CLETS compliance for California law enforcement agencies
California agencies with CLETS access answer to two documents at once: the FBI's CJIS Security Policy v6.0, and the California DOJ's CLETS Policies, Practices, and Procedures governing the state's own telecommunications system for CJI. ComplianceLattice tracks the federal foundation both share.
A federal baseline, plus an annual reporting duty
CLETS - the California Law Enforcement Telecommunications System - is how California agencies with statutory arrest powers access CJI and NCIC data in-state. The CLETS Policies, Practices, and Procedures document governs that access, and it comes with an obligation most states don't spell out as explicitly: agencies must report CLETS misuse annually. Failing to report - not just failing to prevent misuse - carries its own sanction, up to removal of CLETS service entirely.

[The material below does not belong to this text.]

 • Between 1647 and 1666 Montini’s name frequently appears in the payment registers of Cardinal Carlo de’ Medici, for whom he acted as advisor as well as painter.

The bulk of the underlying compliance work - access control, authentication, audit logging, incident response, and the rest of CJIS v6.0's 20 policy areas - is the same work every CJIS-connected agency in the country does. ComplianceLattice tracks that full federal baseline today, covering most of the ground before you get to California's CLETS-specific reporting obligation.

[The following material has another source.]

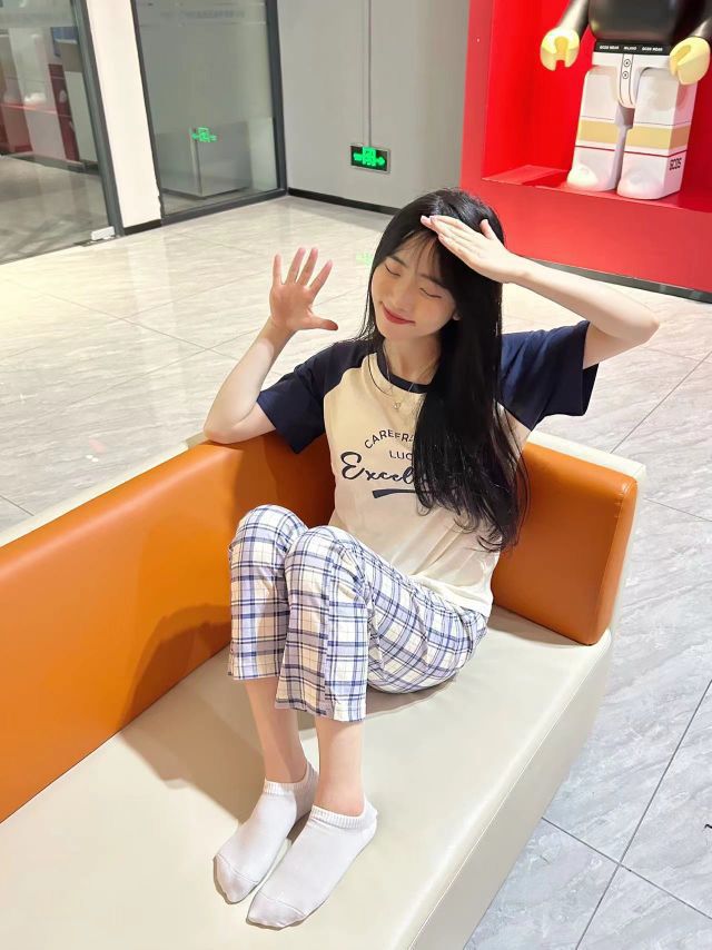 哈喽,家人们,今天的穿搭分享来啦,是一套入夏防臭袜子🧦穿搭分享~ 上半身: 蓝白色字母印花短袖 下半身: 蓝白格子阔腿裤+lee印花防臭袜子 一整套入夏臭袜子🧦穿搭get~ #夏日休闲风OOTD #女生夏日穿搭OOTD #宝藏短袖推荐 #好爱每一个风格的我 #出游进行时

Because the annual misuse report is a procedural duty rather than a technical control, it's the kind of requirement that's easy to lose track of between audits - there's no system prompt for it the way there is for an expired certificate. If your agency is working through the CLETS Policies, Practices, and Procedures requirements now, reach out - alpha tester feedback directly shapes what we build first.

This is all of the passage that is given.